I guess what's been most striking to me is that after all my efforts to get a dx and help for the kids, it's harder than I anticipated to confront the reality of what their problems actually are. Still, I'm quite excited about the therapist (and her intern) who will be working with the kids, and I'm quite optimistic about the strategies they have planned for helping our family.

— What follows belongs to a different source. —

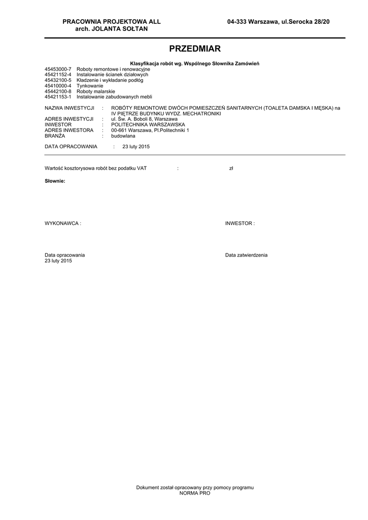 PRACOWNIA PROJEKTOWA ALL arch. JOLANTA SOŁTAN 04-333 Warszawa, ul.Serocka 28/20 PRZEDMIAR 45453000-7 45421152-4 45432100-5 45410000-4 45442100-8 45421153-1 Klasyfikacja robót wg. Wspólnego Słownika Zamówień Roboty remontowe i renowacyjne Instalowanie ścianek działowych Kładzenie i wykładanie podłóg Tynkowanie Roboty malarskie Instalowanie zabudowanych mebli NAZWA INWESTYCJI : ADRES INWESTYCJI INWESTOR ADRES INWESTORA BRANŻA : : : : DATA OPRACOWANIA ROBÓTY REMONTOWE DWÓCH POMIESZCZEŃ SANITARNYCH (TOALETA DAMSKA I MĘSKA) na IV PIĘTRZE BUDYNKU WYDZ. MECHATRONIKI ul. Św. A. Boboli 8, Warszawa POLITECHNIKA WARSZAWSKA 00-661 Warszawa, Pl.Politechniki 1 budowlana : 23 luty 2015 Wartość kosztorysowa robót bez podatku VAT : zł Słownie: WYKONAWCA : INWESTOR : Data opracowania 23 luty 2015 Data zatwierdzenia Dokument został opracowany przy pomocy programu NORMA PRO OGÓLNA CHARAKTERYSTYKA OBIEKTU Przedmiotem opracowania jest remont dwóch pomieszczeń sanitarnych- toalety damskiej i męskiej, na poziomie 4go piętra w budynku Wydziału Mechatroniki Politechniki Warszawskiej przy ul.Św.A.Boboli 8. W ramach remontu elementy istniejącego wyposażenia zostaną zdemontowane, zostają wyburzone ścianki wydzielające kabiny oraz zostaje zdemontowana istniejąca posadzka z lastrico. Remont węzłów ma za zadanie podniesienie standardu. Sanitariaty znajdują się na poziomie 4-go piętra w budynku Wydziału Mechatroniki Politechniki Warszawskiej przy ul.Św.A.Boboli 8. Przedmiotowe sanitariaty nie są przeznaczone dla osób niepełnosprawnych. Powierzchnie TOALETA MĘSKA przedsionek z umywalkami 5,00 m2 pom.z pisuarami i kabinami WC 9,35 m2 TOALETA DAMSKA przedsionek z umywalkami 5,13 m2 pom.z kabinami WC 7,69 m2 Wysokość do stropu - 3,08 m do sufitu podwieszanego nad umywalkami- 2,74m do sufitu podwieszanego nad pisuarami- 2,24m -2- Norma PRO Wersja 4.35 Nr seryjny: 22179 Użytkownik: DevisArt sp. z o.o. SPIS DZIAŁÓW PRZEDMIARU ROBÓT Lp. 1 Nazwa 2 1 Rozbiórki i demontaże 2 Prace odtworzeniowe i wykończeniowe 3 Wyposażenie RAZEM Wartość kosztorysowa robót bez podatku VAT Słownie: -3- Norma PRO Wersja 4.35 Nr seryjny: 22179 Użytkownik: DevisArt sp. z o.o. Pozycje kosztorysowe 3 1 - 12 13 - 42 43 - 53 PRZEDMIAR Lp. Kod pozy- Nr spec. cji przedtechn. miaru 1 1 1.1 SST 01 d.1 2 1.2 d.1 3 1.3 d.1 4 1.4 d.1 5 1.5 d.1 6 1.6 d.1 7 1.7 d.1 8 1.8 d.1 9 1.9 d.1 10 1.10 d.1 11 1.11 d.1 12 1.12 d.1 2 13 2.1 d.2 14 2.2 d.2 15 2.3 d.2 16 2.4 d.2 17 2.5 d.2 SST 02 SST 02 SST 02 SST 04 SST 03 SST 01 SST 05 SST 01 SST 01 SST 01 SST 01 SST 04 SST 04 SST 04 SST 04 SST 03 Opis i wyliczenia j.m. Rozbiórki i demontaże Zabezpieczenie otworów drzwiowych przez przedostawaniem się pyłu kpl poza pomieszczenia modernizowane podczas prac 2 kpl Wykucie z muru ościeżnic stalowych lub krat drzwiowych o powierzchni szt. do 2 m2 10 szt. Wykucie z muru ościeżnic drewnianych okien nad drzwiami o powierz- szt. chni do 1 m2 2 szt. Rozebranie ścianek z cegieł na zaprawie cementowo-wapiennej o gru- m2 bości 1/2 ceg. (1.28*3+0.78*3+0.12*3+1.28*3+0.76*3+0.12*3)*2.2-0.7*2*6 m2 Rozebranie okładziny ściennej m2 1.6*(0.76+2+0.76+0.91+2.78+0.6+0.6+2.78+0.92) m2 Rozebranie posadzek lastrykowych m2 28.47 m2 Wykucie z muru kratek wentylacyjnych,drzwiczek szt. 4 szt. Zeskrobanie i zmycie starej farby w pomieszczeniach o powierzchni podłogi ponad 5 m2 (21.32+19.76)*3.08-2.64*2-19.376+28.47 m2 Wywiezienie materiałów drewnianych z demontażu samochodami samowyładowczymi na odległość 15 km wraz z utylizacją 8*0.04*0.8*2+0.12*0.06*(0.4+0.8+0.4+0.8)*2 m3 Wywiezienie materiałów szklanych z demontażu samochodami samowyładowczymi na odległość 15 km wraz z utylizacją 0.8*0.4*0.004*2 m3 Wywiezienie materiałów metalowych z demontażu samochodami samowyładowczymi na odległość 15 km wraz z utylizacją 8*0.12*0.06*(0.8+0.8+2) m3 m2 m3 m3 m3 Wywiezienie gruzu budowlanego samochodami samowyładowczymi na m3 odległość 15 km wraz z utylizacją 20.244*0.15+19.376*0.02+28.47*0.05 m3 Prace odtworzeniowe i wykończeniowe Dwukrotne odgrzybianie ścian ceglanych o powierzchni ponad 5 m2 metodą smarowania (21.32+19.76)*3.08-2.64*2 m2 m2 Uzupełnienie tynków wewnętrznych zwykłych kat.II z zaprawy cem.wap. na ścianach i słupach prostokątnych na podłożu z cegły, pustaków ceramicznych, gazo- i pianobetonów o powierzchni do 5 m2 w 1 miejscu - miejsca po odkutych płytkach ceramicznych 1.6*(0.76+2+0.76+0.91+2.78+0.6+0.6+2.78+0.92) m2 Uzupełnienie tynków wewnętrznych zwykłych kat.III z zaprawy cem.wap. na ścianach i słupach prostokątnych na podłożu z cegły, pustaków ceramicznych, gazo- i pianobetonów o powierzchni do 2 m2 w 1 miejscu - miejsca po wymianie drzwi wejściowych (2+2+1)*0.3 m2 m2 m2 m2 Izolowanie obiektów elastyczną powłoką cementowo-polimerową - po- m2 wierzchnie poziome 28.47 m2 Norma PRO Wersja 4.35 Nr seryjny: 22179 Użytkownik: DevisArt sp. z o.o. Razem 2.000 RAZEM 2.000 10.000 RAZEM 10.000 2.000 RAZEM 2.000 20.244 RAZEM 20.244 19.376 RAZEM 19.376 28.470 RAZEM 28.470 4.000 RAZEM 4.000 130.340 RAZEM 130.340 0.547 RAZEM 0.547 0.003 RAZEM 0.003 0.207 RAZEM 0.207 4.848 RAZEM 4.848 121.246 RAZEM 121.246 28.470 RAZEM 28.470 19.376 RAZEM 19.376 1.500 RAZEM 1.500 m2 Dwukrotne odgrzybianie stropów o powierzchni ponad 5 m2 metoda smarowania 28.47 -4- Poszcz 28.470 PRZEDMIAR Lp. Kod pozycji przedmiaru Nr spec. techn. Opis i wyliczenia j.m. Poszcz RAZEM 18 2.6 d.2 19 2.7 d.2 20 2.8 d.2 21 2.9 d.2 22 2.10 d.2 23 2.11 d.2 24 2.12 d.2 25 2.13 d.2 26 2.14 d.2 27 2.15 d.2 28 2.16 d.2 29 2.17 d.2 30 2.18 d.2 31 2.19 d.2 32 2.20 d.2 33 2.21 d.2 34 2.22 d.2 SST 04 SST 03 SST 03 SST 02 SST 08 SST 04 SST 04 SST 04 SST 05 SST 05 SST 05 SST 08 SST 08 SST 08 SST 01 SST 01 SST 01 Izolowanie obiektów elastyczną powłoką cementowo-polimerową - po- m2 wierzchnie pionowe (21.32+19.76)*3.08-2.64*2 m2 Warstwy wyrównawcze pod posadzki z zaprawy cementowej grubości m2 20 mm zatarte na ostro

I am so glad to hear you are on a good path.
- Christina mom to-
Chloe (10) Aiden(8)
Good start.
On the dog, it is a hard decision. We love our pooches and couldn't give them up but they are over all good pooches and a benefit. I am a strong believer in animal therapy of all sorts. Tough call
I am glad you feel good about the direction you are going in. There are times still I am hit with the weight of what it all means. I think it is either parent denial or we are blinded by the kids "intellect" type stuff where they don't *look* as stereotypically special needs, kwim? Sometimes it still really hits me when silly little things happen/
As for the ADD stims, well I have had a bit of a bad round with those so I am not the one to ask but I would go other routes first hindsight being 20/20 and all.
Renee
I'm really glad you found someone you like. I hope you find some things that work for your family.